Parkinsonian syndromes may also develop in the course of other conditions that damage the SN, e.g., striatonigral degeneration, postencephalitic parkinsonism, manganese poisoning, carbon monoxide poisoning, hypoxic-ischemic encephalopathy, traumatic brain injury, and stroke.
basal ganglia info
Virtually all inputs to the basal ganglia arrive via the striatum (caudate, putamen, and nucleus accumbens). Outputs leave the basal ganglia via the internal segment of the globus pallidus and the closely related substantia nigra pars reticulata and compacta.

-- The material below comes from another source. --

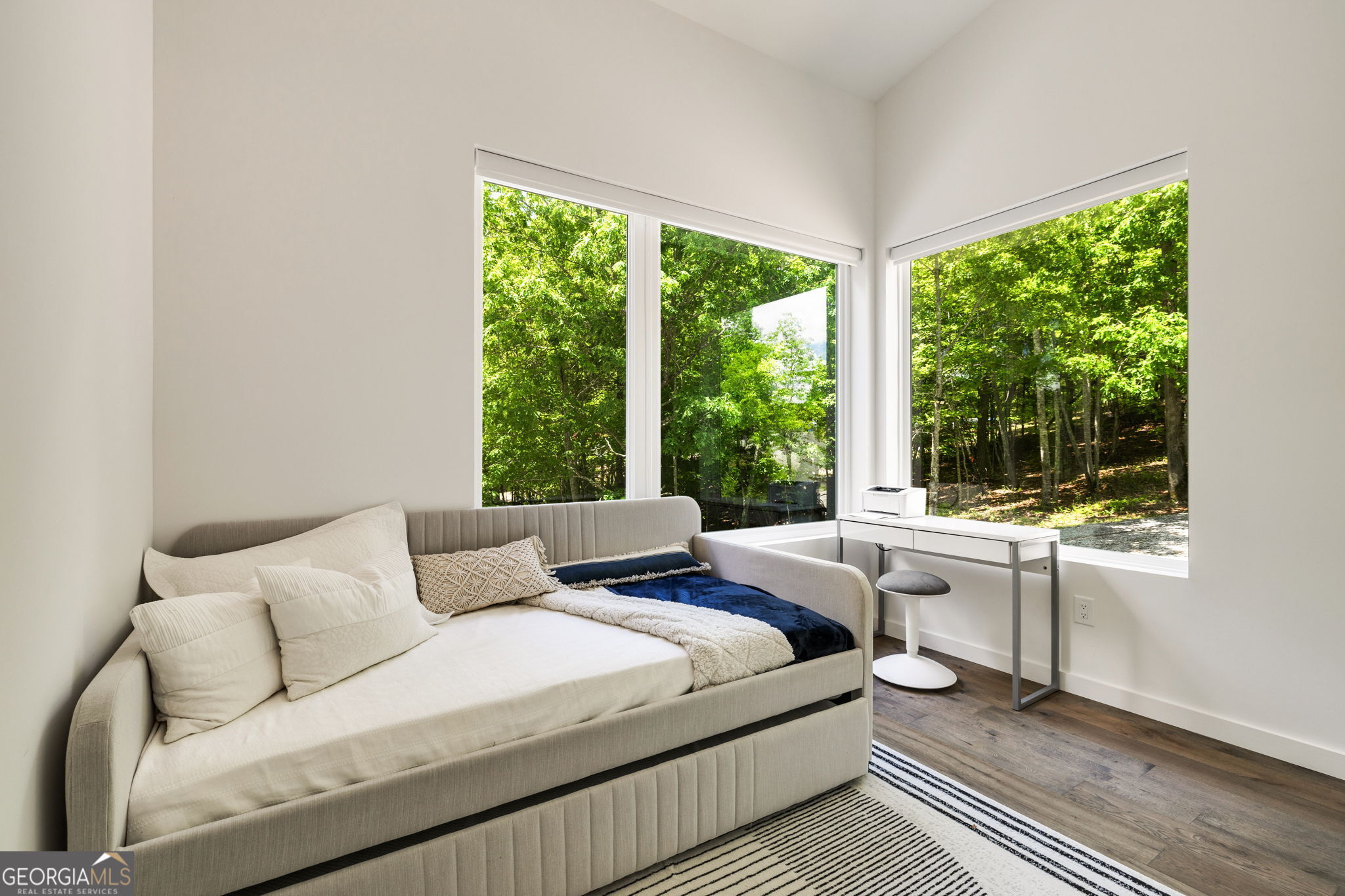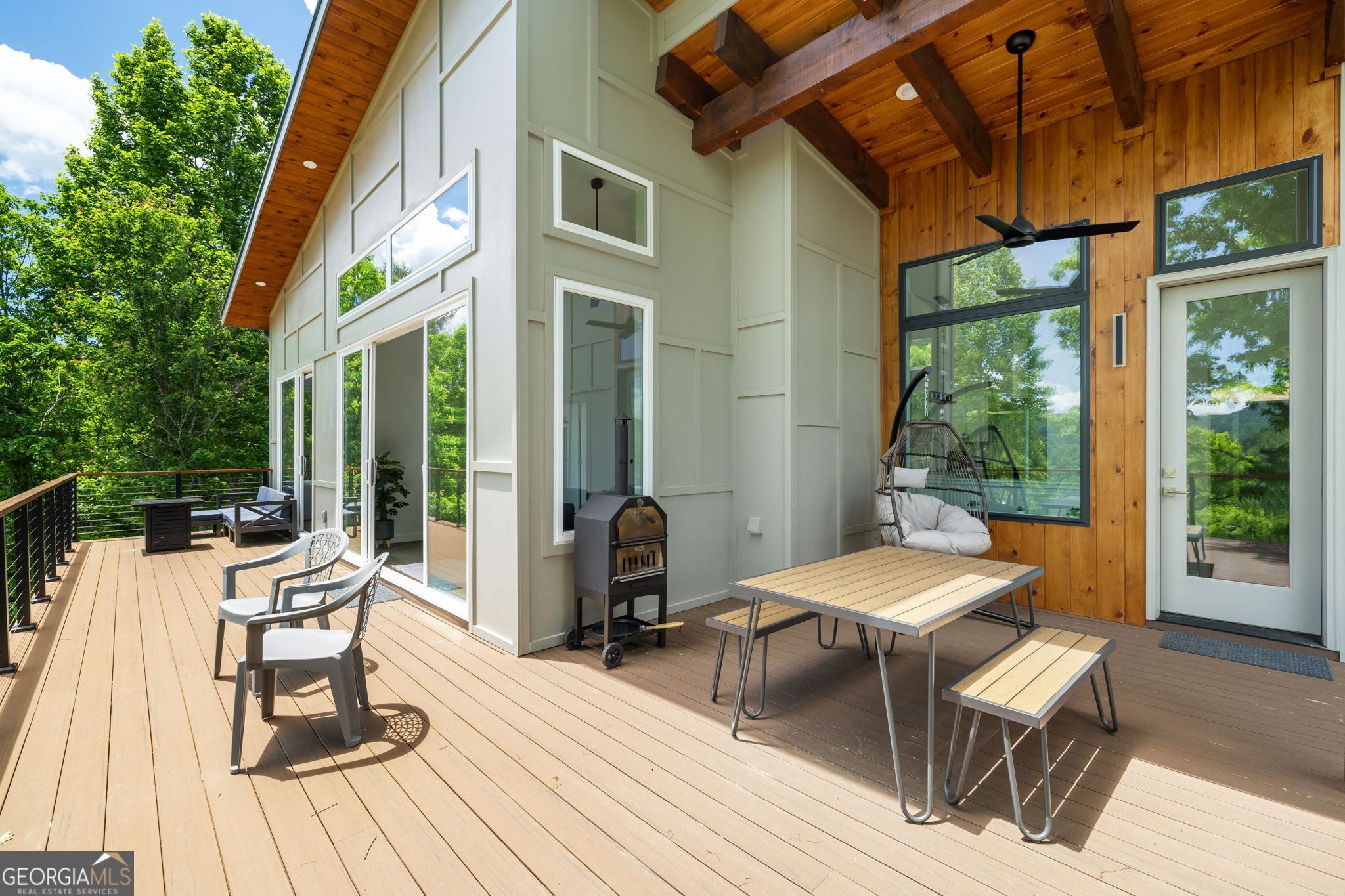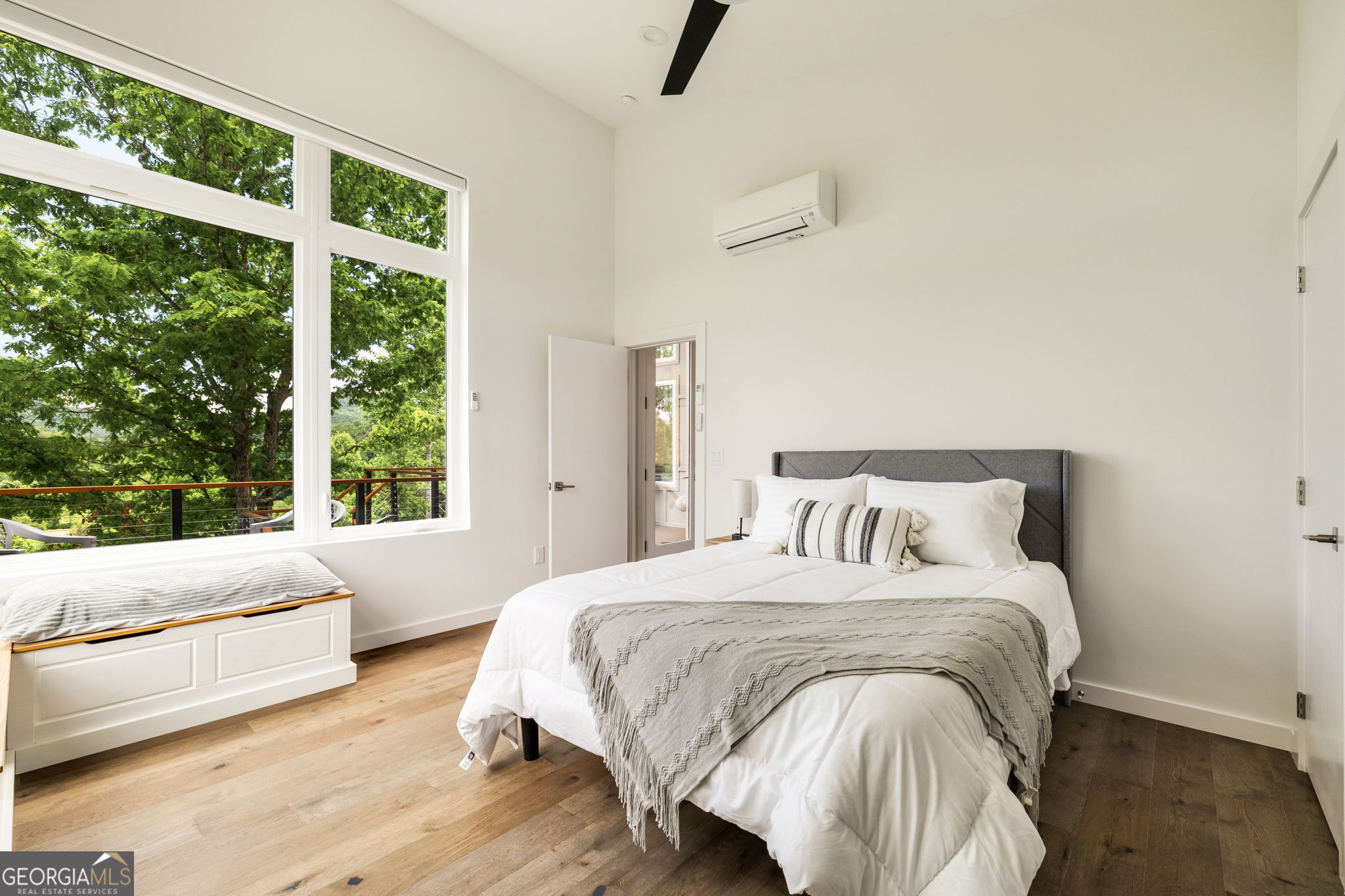 Sweeping mountain and pastoral views on over 2 acres. Windows and sliding glass doors punctuate the architecturally striking home to frame the natural beauty that surrounds it. 3 bedrooms, an office, and bonus room to meet any buyer's living requirements. 3 full bathrooms. Generous kitchen with chef's table. Huge decks, covered screened in porch, and gentle yard allow you to unwind and connect with nature. Resort style amenities with pool, fitness, sauna, walking trails, and pickleball (coming soon). Short term rental income potential. Solar, tankless water heater, energy efficient mini-split HVAC, minimal HOA fees, and low Union County taxes conspire to reduce your operating expenses to a jaw-droppingly low figure. Plenty of parking and room to build a garage. Fully furnished and ready for you to start enjoying your getaway just 2 hours from Atlanta metro in the North Georgia Mountains' premiere modern community, The Nest at Brannon Ridge Reserve. A short jaunt from the charming communities of Blairsville, Murphy, Hayesville, and Hiawassee. 40 minutes to the hustle and bustle of Blue Ridge. World class amenities of Lake Chatuge, Nottely, Crane Creek Vineyards, The John C. Campbell Folk School, and Young Harris College all under a 20 minute drive away.

The presumptive diagnosis of PD
can be based on the presence of the central triad of parkinsonism—tremor, rigidity, and bradykinesia—in the absence of a toxic or other known underlying etiology.
The clinical syndrome of parkinsonism combines:
diminished facial expression (often termed masked facies)
stooped posture
slowing of voluntary movement
festinating gait (progressively shortened, accelerated steps)
rigidity
“pill-rolling” tremor
This impression is confirmed by symptomatic response to l-DOPA replacement therapy.
Deep brain stimulation (DBS
In DBS, electrodes implanted into the subthalamic nucleus or inner part of the globus pallidus provide electrical stimulation to these and surrounding structures. This stimulation induces physiological and chemical changes that ameliorate some of the motor symptoms of PD by a poorly understood mechanism. Unilateral tremor and rigidity may also respond to stereotactic ablation of the contralateral globus pallidus, ventrolateral thalamus, or subthalamic nucleus.